Reputation: 31
I have a pdf file which can not be extracted text by pdfbox or itext7. The font is encoded by Identity-H with Adobe-Identity-UCS. The details of ToUnicode are given below.
/CIDInit /ProcSet findresource begin 12 dict begin begincmap /CIDSystemInfo > def /CMapName /Adobe-Identity-UCS def /CMapType 2 def 1 begincodespacerange <0000><FFFF> endcodespacerange endcmap CMapName currentdict /CMap defineresource pop end end
The ToUnicode is invalid. Is there any way to fixed it?
I tried to download an intact Adobe-Identity-UCS cmap file and to replace it. But after a lot of google searching, I can't find the Adobe-Identity-UCS cmap file.
Any help? Thanks.
Edit:
Upvotes: 2
Views: 2430
Reputation: 96064
The ToUnicode CMap you show corresponds to the example ToUnicode CMap in the PDF specification ISO 32000 (either part), merely without any bfrange or bfchar section.
Thus, what you have essentially is a template into which one can put arbitrary mappings.
Concerning your question, therefore:
Is there any way to fixed it?
Yes and no.
Yes, you can fix it by adding the appropriate bfrange or bfchar sections with the correct mappings.

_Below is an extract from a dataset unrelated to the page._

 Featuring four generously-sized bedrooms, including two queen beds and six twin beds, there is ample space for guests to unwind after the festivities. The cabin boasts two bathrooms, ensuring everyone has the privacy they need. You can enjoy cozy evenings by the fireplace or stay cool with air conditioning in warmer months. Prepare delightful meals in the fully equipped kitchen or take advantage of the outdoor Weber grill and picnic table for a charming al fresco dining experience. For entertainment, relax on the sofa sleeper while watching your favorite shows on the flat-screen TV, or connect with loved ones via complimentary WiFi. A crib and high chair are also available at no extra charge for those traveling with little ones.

BUT... to do so you need to know which codes map to which Unicode strings respectively for the font at hand, the name Adobe-Identity-UCS by itself usually does not imply the mapping. So also:
No, not without additional information.
@Tilman in his comment to your question referenced one of his answers in which he showed how to add a missing ToUnicode map using information on the actual mappings gathered from different sources.
Upvotes: 4